Petani Banyuwangi Mulai Beralih ke Pertanian Organik

Bupati Ipuk meninjau pertanian terpadu saat menjalani program Bunga Desa/Ist
Bupati Ipuk meninjau pertanian terpadu saat menjalani program Bunga Desa/Ist

Inovasi dan ketekunan adalah kunci utama dalam memajukan sektor pertanian di Banyuwangi.


Salah satu contoh paling inspiratif adalah Nuryanto, seorang petani dari Desa Temuguruh yang berhasil mengembangkan konsep pertanian terintegrasi di lahannya seluas 7 hektare. Dengan menggabungkan tanaman pangan, peternakan, dan perikanan, Nuryanto telah menciptakan sistem pertanian yang saling mendukung dan ramah lingkungan.

Berawal dari keinginan untuk beralih ke pertanian organik pada tahun 2021, Nuryanto mulai memikirkan cara agar lahan sawahnya tetap subur tanpa bergantung pada bahan kimia. Ia mulai belajar membuat pupuk organik secara mandiri dan memelihara ternak domba dengan tujuan memanfaatkan kotoran dan urine mereka sebagai bahan pupuk.

“Awalnya ya terpikir ingin beralih ke pertanian organik agar sawah saya terjaga kelestariannya. Supaya tidak terkena bahan kimia terus,” ujar Nuryanto saat dikunjungi Bupati Banyuwangi, Ipuk Fiestiandani.

Kini, Nuryanto memelihara sekitar 30 ekor domba di sebagian lahannya. Kotoran domba diolah menjadi pupuk organik padat, sementara urinenya diubah menjadi pupuk organik cair. Selain itu, air dari kolam ikan lele yang dibudidayakannya juga digunakan untuk membuat Photosynthetic Bacteria (PSB), yang berguna sebagai nutrisi tanaman.

“Hasil prosesing limbah tersebut saya manfaatkan untuk pemupukan di sawah (tanaman padi), sehingga bisa mengurangi dosis pemakaian pupuk kimia sehingga lebih hemat dan ramah lingkungan,” ungkap Nuryanto dengan bangga.

Hasil dari inovasi ini bukan hanya lahan yang lebih subur dan panen yang lebih baik, tetapi juga penghematan biaya produksi dan peningkatan pendapatan dari penjualan pupuk organik. Nuryanto menjelaskan, permintaan pupuk organik yang diproduksinya semakin meningkat, terutama dari petani hortikultura di sekitar desanya.

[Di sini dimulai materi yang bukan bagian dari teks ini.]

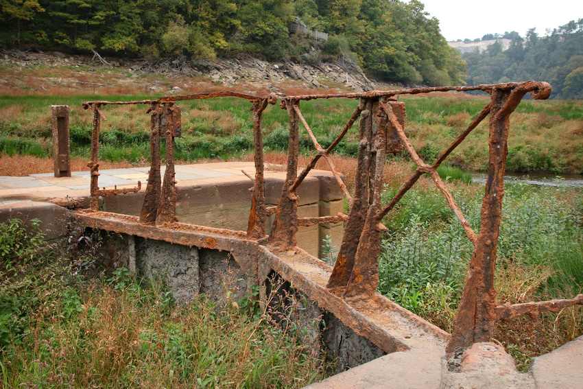 - Ancienne écluse au fond du lac de Guerlédan asséché en 2015 (Bretagne).
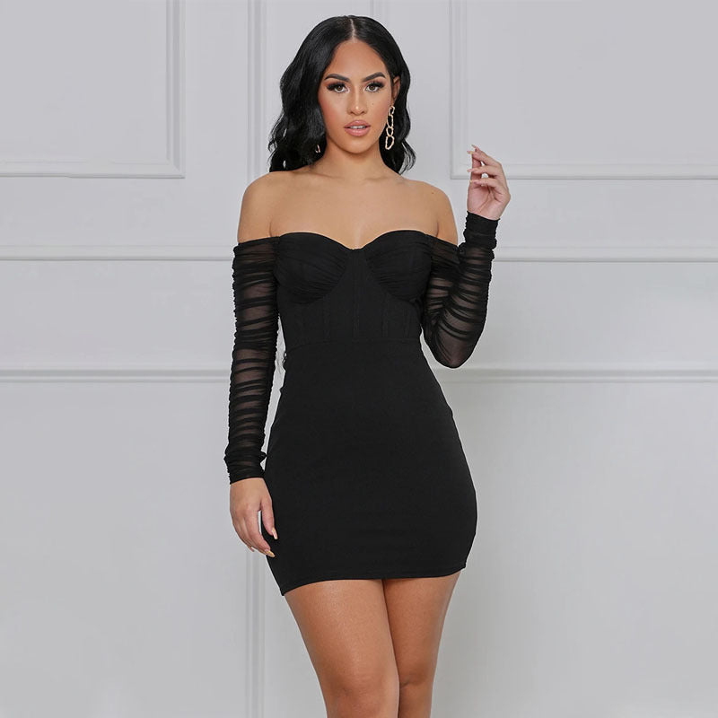 Disfruta de un vestido clásico de cóctel Mira tu próxima fiesta con el mini vestido inspirado en el corsé de las mujeres con mangas transparentes que presenta un escote de novia coquetamente y un dobladillo corto.
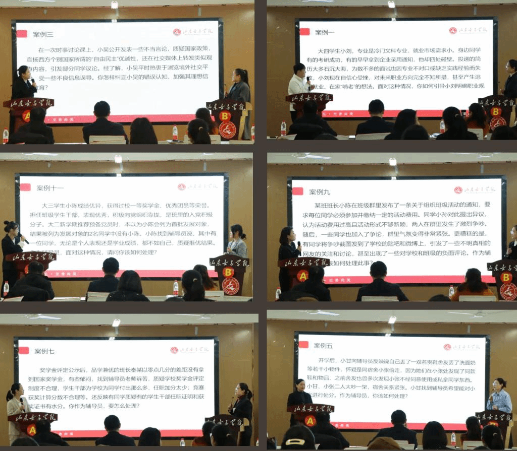 12名参与考核的辅导员两两分组,按照A、B角色“我提问,你回答”案例研讨的方式,共同辨析原因、研讨对策、总结规律。研讨过程中,每一位辅导员都怀揣着对学生深沉的爱与责任,带着饱满的热情和专业的态度,诠释着“立德树人”的深刻内涵。
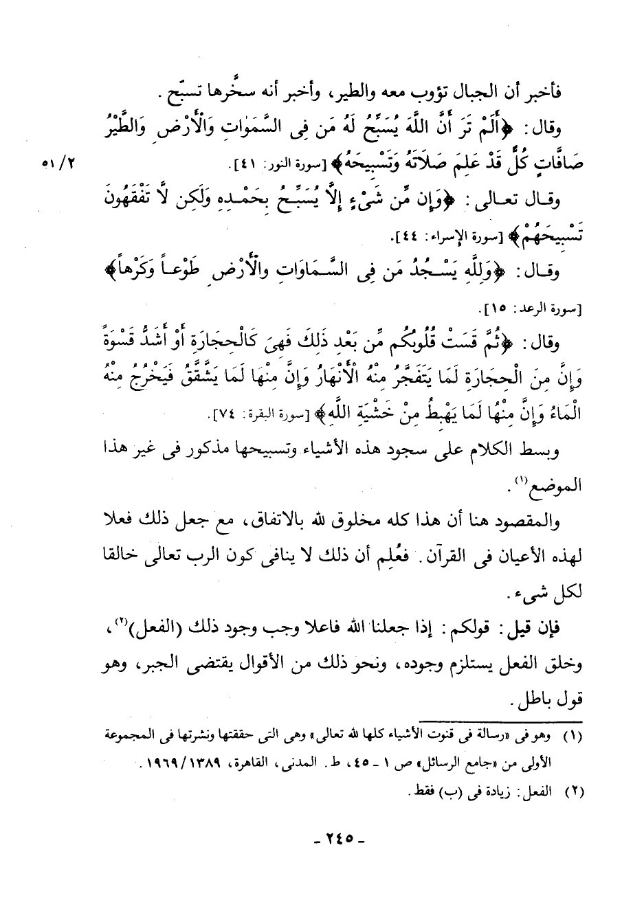 (¬1) وَهُوَ فِي " رِسَالَةٌ فِي قُنُوتِ الْأَشْيَاءِ كُلِّهَا لِلَّهِ تَعَالَى " وَهِيَ الَّتِي حَقَّقْتُهَا وَنَشَرْتُهَا فِي الْمَجْمُوعَةِ الْأُولَى مِنْ " جَامِعِ الرَّسَائِلِ " ص [0 - 9]- 45 ط الْمَدَنِيِّ الْقَاهِرَةِ، 1389 1969.

“Sekarang permintaan semakin banyak. Rata-rata petani hortikultura di sekitar desa ini membeli pupuk organik dari saya. Ini menjadi tambahan penghasilan juga,” ungkapnya.

Tidak hanya fokus pada tanaman dan pupuk, Nuryanto juga memikirkan efisiensi dalam pemeliharaan ternak. Ia menanam rumput gajah untuk makanan dombanya dan membuat fermentasi dari rumput tersebut agar tahan sampai tiga hari, sehingga tidak perlu mengambil rumput setiap hari.

Bupati Banyuwangi, Ipuk Fiestiandani mengapresiasi, inovasi yang dilakukan Nuryanto dan berharap konsep pertanian terintegrasi ini bisa diterapkan oleh kelompok tani lainnya di Banyuwangi. Pemerintah Kabupaten Banyuwangi juga mendukung dengan memberikan pendampingan transfer ilmu dan teknologi, serta bantuan peralatan dan pupuk organik cair.

“Ini contoh penerapan konsep pertanian yang berkelanjutan. Konsep pertanian terintegrasi seperti ini terbukti menguntungkan karena semua proses bertaninya saling berkaitan, antara tanaman pangan maupun peternakannya. Kalau bisa ilmunya ditularkan ke petani sekitar,” ujar Ipuk.

Setelah tiga tahun menerapkan sistem ini, Nuryanto melihat hasil yang sangat positif. Lahan yang semakin subur dan beras yang lebih enak serta pulen adalah bukti keberhasilan konsep pertanian terintegrasi. Dengan dukungan penuh dari pemerintah dan semangat inovasi para petani seperti Nuryanto, masa depan pertanian di Banyuwangi tampak cerah dan berkelanjutan.